= Nosrat al-Din Mirza Salar es-Saltaneh =

Iranian prince (1884–1954)

Prince Nosrat al-Din Mirza Salar es-Saltaneh (2 February 1884 – 1954) was a Qajar prince and painter, son of Naser al-Din Shah Qajar and princess Zinat es-Saltaneh grand daughter of Abbas Mirza.

He was the governor of Hamadan for a year during Mozaffar al-Din Shah's reign. Thereafter, he went to France. In 1923, Nosrat al-Din Mirza was a companion to Mohammad Ali Shah when he returned to Iran. For the second time, he went to France in 1926 and lived there until the death of Malakeh Jahan wife of Mohammad Ali Shah in 1945 in St. Clue and then came back to Iran. In Iran he lived in his sister Ezz es-Saltaneh's house.
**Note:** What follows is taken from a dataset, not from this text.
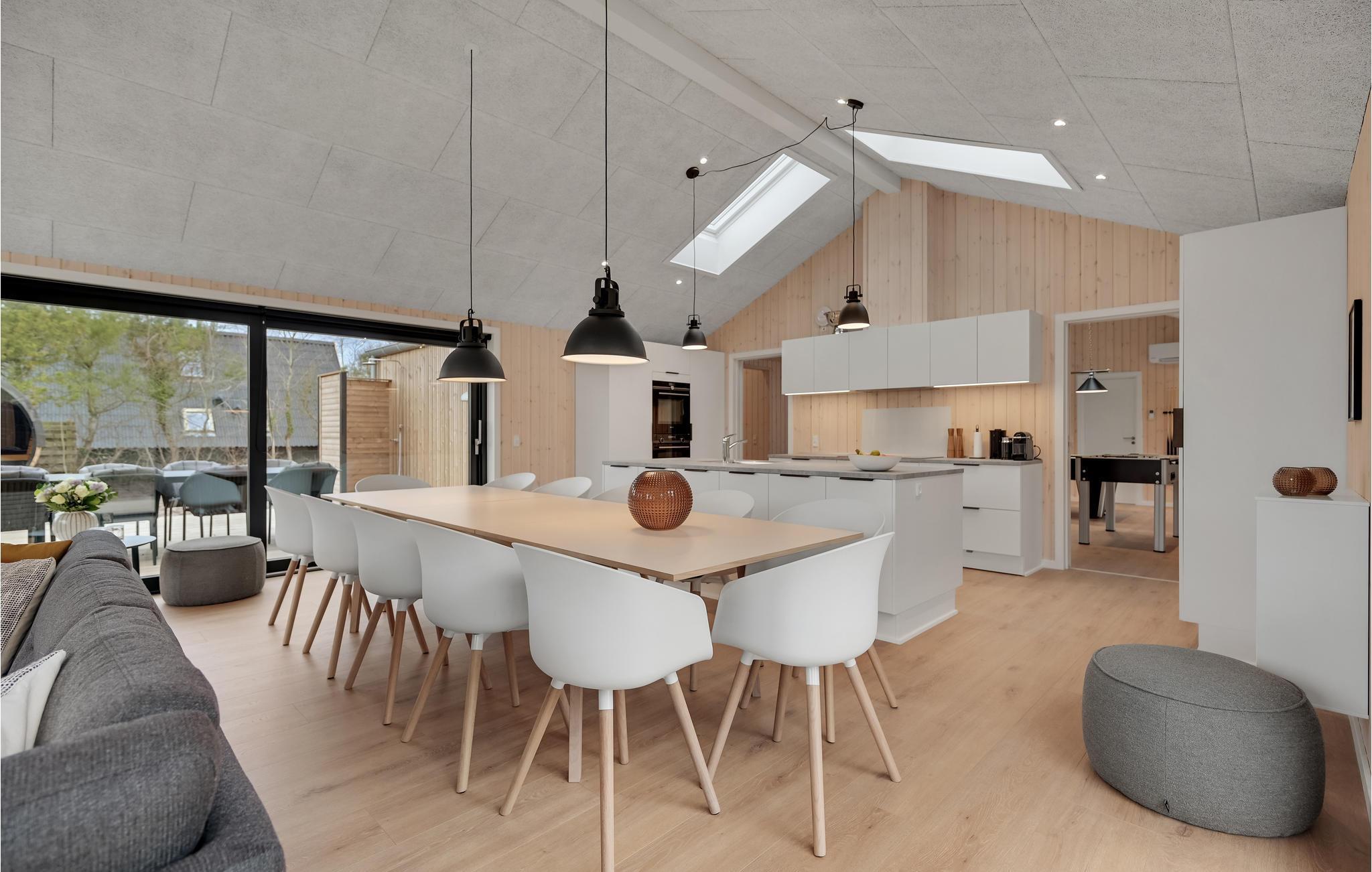 Huset er moderne i arkitektur, indretning og materialer, så her kommer I til at omgive jer med komfort på en helt ny måde. Boligen er indrettet med flere gode soveværelser og har plads til 12 personer. Badeværelserne har flotte faciliteter og gør det nemt at dele sig op om morgenen, så I hurtigt kan komme videre ud på eventyr.

In 1954, Nosrat al-Din Mirza died in Paris and was buried there. He was a painter and earned a living in Paris by selling his paintings. He was also a great setar player. Salar es-Saltaneh had 3 children, Sultan Hussein Mirza, Sultan Ali Mirza and Sultan Abdullah Mirza. Abdullah Mirza was born in 1912, died in Iran in 1957, and was buried in Zahir-od-dowleh cemetery.